Workshop capacity

S

Simon Wakefield

I've only just started using Microsoft Project and would like to know if its
possible for me to set out my companys workload.

We have 3 workshops with a certain amount of man hours avaiable per week.
Normally there are 1840hrs per week avaiable. I want to be able to assign a
task per week that use these hours. So for example one task would take 300
hours to complete. Each task has a date it starts and when it must completed
by. From this I want to able to map out our capacity each week and produce a
weekly chart of the current work load for the week, and also produce another
chart showing the yearly overview. Would this software be able to show when I
have used too many hours or not enough?

Each task need to have 3 defined areas to it. Drawings income and
processing, fabrication, painting. The fabrication is where the man hours
come into it, but the other two do not use workshop capacity. These are just
important points for the task.

At the moment I produce all this in excel. If anyone is intresting in help
me I would happily email them my excel sheet so you can get a better idea of
what i'm trying to show.

Thank you, any comments would be useful.
 
D

davegb

Simon said:
I've only just started using Microsoft Project and would like to know if its
possible for me to set out my companys workload.

We have 3 workshops with a certain amount of man hours avaiable per week.
Normally there are 1840hrs per week avaiable. I want to be able to assign a
task per week that use these hours. So for example one task would take 300
hours to complete. Each task has a date it starts and when it must completed
by. From this I want to able to map out our capacity each week and produce a
weekly chart of the current work load for the week, and also produce another
chart showing the yearly overview. Would this software be able to show when I
have used too many hours or not enough?

Each task need to have 3 defined areas to it. Drawings income and
processing, fabrication, painting. The fabrication is where the man hours
come into it, but the other two do not use workshop capacity. These are just
important points for the task.

At the moment I produce all this in excel. If anyone is intresting in help
me I would happily email them my excel sheet so you can get a better idea of
what i'm trying to show.

Thank you, any comments would be useful.

Project can certainly do this, with some tweaking. Personally, I prefer
to use software specifically designed to do the task at hand. It sounds
to me like you're doing production scheduling more than actual
projects. I just Googled for "Production scheduling software" and got a
number of hits. At the very least, compare their capabilities with
Project's and try to estimate how much time it would take you to adapt
Project to your needs vs. the up front cost of specialty software.
Project is primarily designed to schedule "projects" using Critical
Path Method scheduling. A project being defined as "A problem scheduled
for solution". Meaning, it has a clear cut start and end date.
Essentiallly, you create a schedule by entering a detailed list of
tasks, estimated durations for each task, and then creating "links"
between the tasks.
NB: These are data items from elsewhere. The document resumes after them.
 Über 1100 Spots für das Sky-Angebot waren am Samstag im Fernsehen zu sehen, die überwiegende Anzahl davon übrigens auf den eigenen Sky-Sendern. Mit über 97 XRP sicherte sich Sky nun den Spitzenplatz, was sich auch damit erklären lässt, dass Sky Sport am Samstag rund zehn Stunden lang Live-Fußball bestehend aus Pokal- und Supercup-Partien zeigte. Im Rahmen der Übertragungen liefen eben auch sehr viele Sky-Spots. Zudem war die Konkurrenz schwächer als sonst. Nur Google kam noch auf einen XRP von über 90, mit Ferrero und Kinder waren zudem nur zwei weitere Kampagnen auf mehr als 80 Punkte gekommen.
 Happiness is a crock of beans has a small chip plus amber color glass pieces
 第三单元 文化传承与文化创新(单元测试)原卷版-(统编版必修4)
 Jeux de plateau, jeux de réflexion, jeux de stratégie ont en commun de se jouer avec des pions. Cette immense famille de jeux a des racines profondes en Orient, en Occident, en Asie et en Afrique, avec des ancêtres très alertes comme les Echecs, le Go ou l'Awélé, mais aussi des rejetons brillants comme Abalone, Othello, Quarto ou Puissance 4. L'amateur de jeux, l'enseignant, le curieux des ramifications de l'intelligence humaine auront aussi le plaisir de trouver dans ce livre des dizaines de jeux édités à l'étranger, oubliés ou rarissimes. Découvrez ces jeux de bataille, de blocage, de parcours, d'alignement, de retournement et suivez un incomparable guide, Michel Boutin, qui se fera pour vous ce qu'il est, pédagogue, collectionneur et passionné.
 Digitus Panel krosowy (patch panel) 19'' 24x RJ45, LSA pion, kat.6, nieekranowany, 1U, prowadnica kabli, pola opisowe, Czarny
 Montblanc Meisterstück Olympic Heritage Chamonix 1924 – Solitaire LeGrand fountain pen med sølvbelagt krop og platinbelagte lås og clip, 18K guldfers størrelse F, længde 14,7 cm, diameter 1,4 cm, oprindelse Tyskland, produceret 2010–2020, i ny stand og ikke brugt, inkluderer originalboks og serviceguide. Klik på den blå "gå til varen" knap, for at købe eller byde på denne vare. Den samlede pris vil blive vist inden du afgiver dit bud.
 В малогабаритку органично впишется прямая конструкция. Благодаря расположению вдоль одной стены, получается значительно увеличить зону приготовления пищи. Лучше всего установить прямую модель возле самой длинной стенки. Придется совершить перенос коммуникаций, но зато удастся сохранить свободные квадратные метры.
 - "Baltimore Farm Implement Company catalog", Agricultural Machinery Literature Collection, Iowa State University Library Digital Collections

A link reflects one task's dependency on another. In
other words, I can't paint the wall until I put the wall up. I can't
put the wall up until I've done the framing, electrical and plumbing.
Once properly set up, the software tells you which of the many paths
through the list of tasks in the longest, the one that determines the
overall duration of the project. That's called the "Critical Path" in
scheduling parlance. This information can be used to help prioritize
within the project and to manage and control it. To this can be added
resource assignments and costs to determine when you have resource
shortages and what it will cost to do the entire project. There are
additional bells and whistles too numerous to mention here.
In your case, it seems your concerns are more directly related to
capacity planning on an ongoing basis. This is NOT a project. It sounds
like a match at first glance, but my guess is you'll find yourself at
cross purposes with the software if you choose Project.
Hope this helps in your world.
 
J

John Sitka

Capacity is a RATE. Work load can be low AND Capacity can be low at the same time.
If you were to build cabinets and each cabinet requires painting but you only have one painter
and he can only paint one cabinet an hour. Your workshop could produce 2 cabinets a hour
but can only paint 1. Cabinets out the back door can only be one per hour.
So there is no Chart per se. It's a single rate calculation of the bottleneck of the system.
The 1840 hrs is meaningless number, you may only use 900 of those a week or you may use
all of them but that is just a measure of localized work center performance, not capacity.

So how to solve?
You need to break down each workshop deliverable into it's set of task and assign resources to them.
One resource will be operating continuously with no breathing room*. Increase the performance of that resource
and your capacity will go up. Simple but requires detailed data collection. When you go shopping for
software, the data collection implimentation is the part of the problem that is kind of like the crazy
aunt nobody like's to talk about because it's difficult to impliment on short task durations. All the fancy
UI stuff can't do it's job well without that data collection, because the calculations of bottlenecks
will be based on assumptions.

*breathing room, wait states, down time, lag. The lingo isn't important, it is simply the fact that a different resource
could accomplish more if asked to do so. Be aware that these time "wasters" bounding other tasks have a unique
way of being removed or used up through work inefficencies, prior expectations or beauracracy.
So the true bottleneck can be tough to find.